=== RECORDS FOR PROCESSING ===
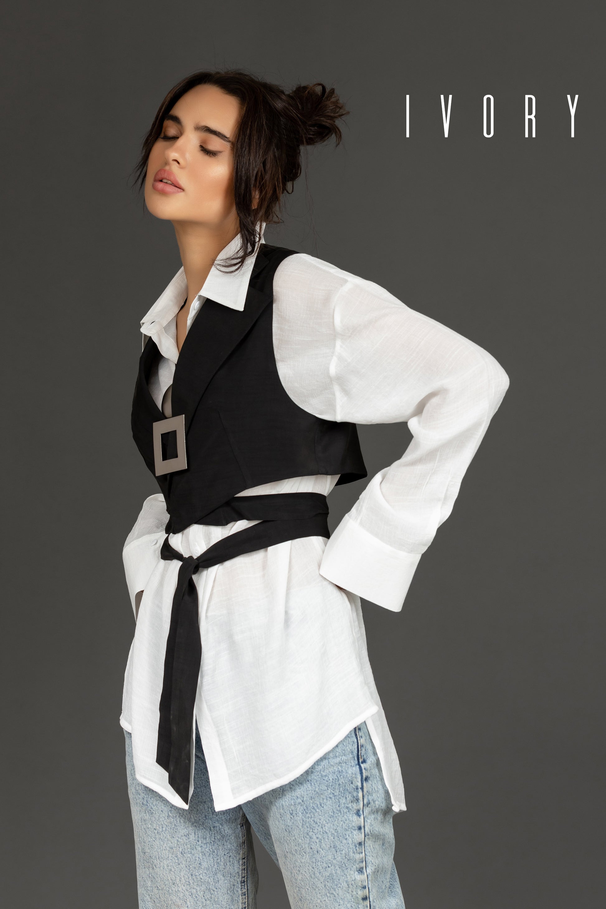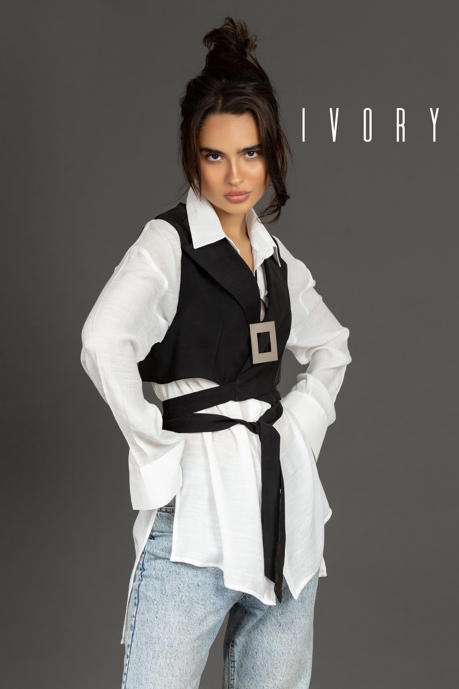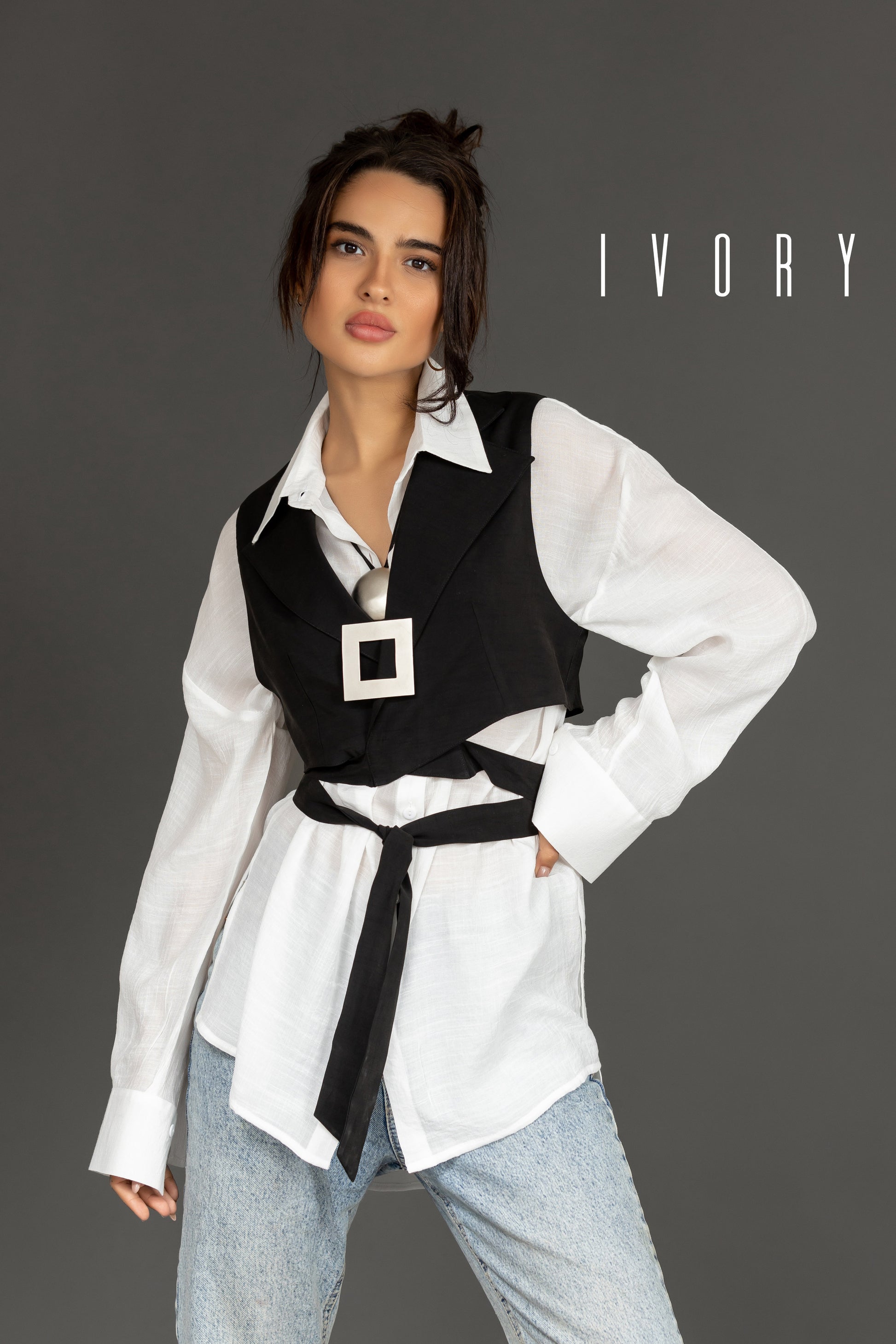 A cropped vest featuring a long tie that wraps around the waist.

* * *

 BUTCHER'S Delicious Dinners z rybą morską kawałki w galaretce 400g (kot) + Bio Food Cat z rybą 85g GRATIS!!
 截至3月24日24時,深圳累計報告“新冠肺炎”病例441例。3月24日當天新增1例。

=== TRY IT ===
Copy the records above exactly, beginning at the line that contains "BUTCHER'S Delicious Dinners" and stopping after the line that contains "截至3月24日24時,深圳累".

=== FINAL ANSWER ===
 BUTCHER'S Delicious Dinners z rybą morską kawałki w galaretce 400g (kot) + Bio Food Cat z rybą 85g GRATIS!!
 截至3月24日24時,深圳累計報告“新冠肺炎”病例441例。3月24日當天新增1例。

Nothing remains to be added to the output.